Of course I saw your second post. The information on the order statistics was useful. Still I can't get from that formulation of the pdf for the minimum and the maximum to the expression in the original link. Here's the problem:

In the orginal link the integrand involved only constants and powers of the normal CDF. The integrand you write for the expected value has the independant variable x, the pdf f(x), and powers of the CDF F(x) and the complement (1-F(x)). That is the remaining step that I'm missing. There is also the matter of the constant n! /(r-1)!*(n-r)! in the initial expression for the expectation where r = 1 for the minimum and r = n for the maximum.

Let

F1(x) is the CDF of Min &

F2(x) is the CDF of Max

E(Min)=(Integral ( [1-F1(x) ] dx, -%INF, %INF)

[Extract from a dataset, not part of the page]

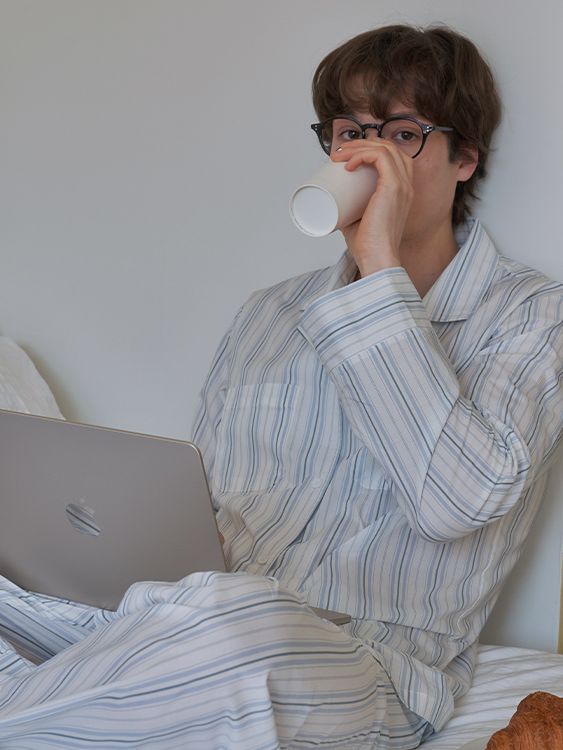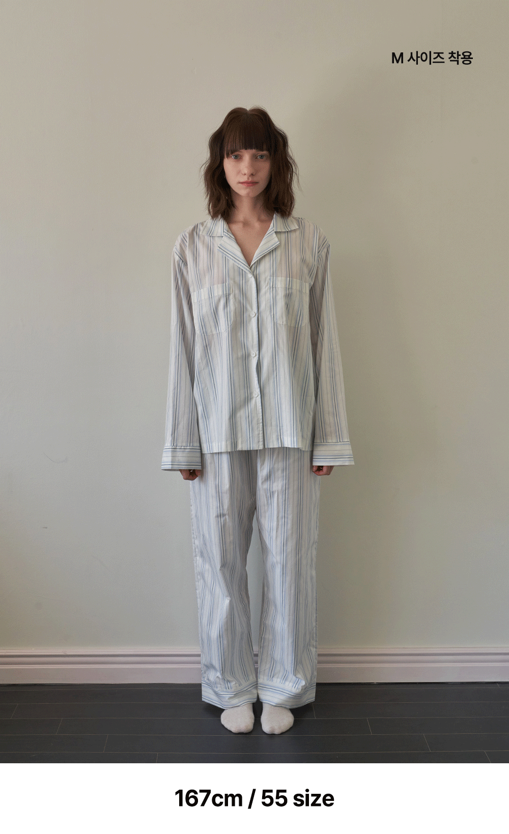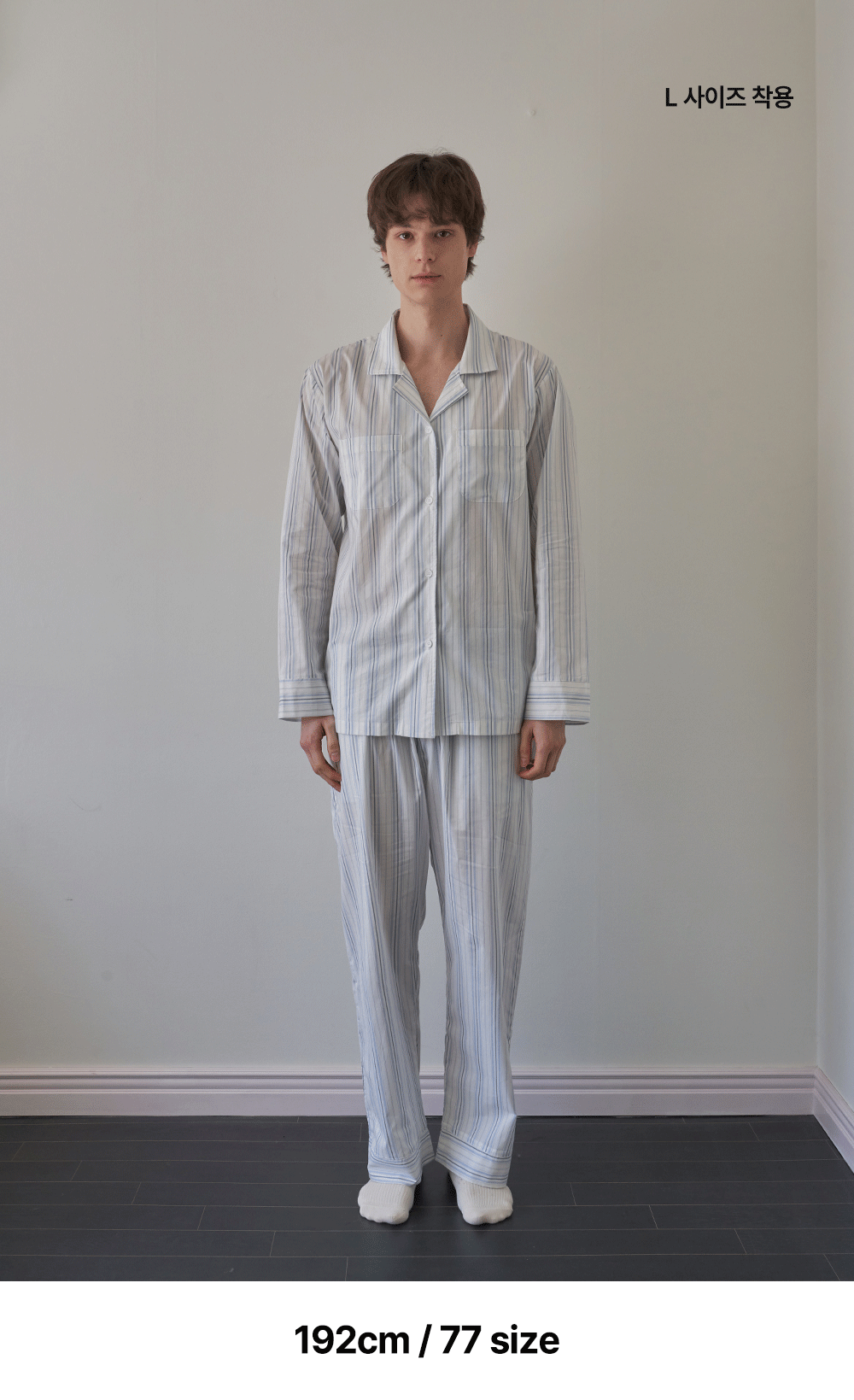 (uni) 미드나잇인파리 스트라이프 파자마 레브블루

E(Max)=(Integral ( [1-F2(x) ] dx, -%INF, %INF)

E(Range) =E(max)-E(min)

= (Integral ( [1-F2(x) -1 + F1(x) ] dx, -%INF, %INF)

= (Integral ( [F1(x) - F2(x) ] dx, -%INF, %INF)

I have already explaind the formulation of CDF of Min and Max

Code:

```
let Ma is the maximum
P[Ma <=x ]= P[X1<=x,.....Xn<=x] = product(i=1:n)(P[Xi<=x]) = Fx^n ( identical)
For deriving Minimum, [B]use the Reliability function[/B]
Let Mi is the minimum
P(Min>x) = P[X1>x,.....Xn>x]
etc.
```

ie F1(x) = 1-{1 - F(x)}^n

F2(x) = F(x)^n

Replace this, you will get the answer.

you have to offer a beer for more explanation.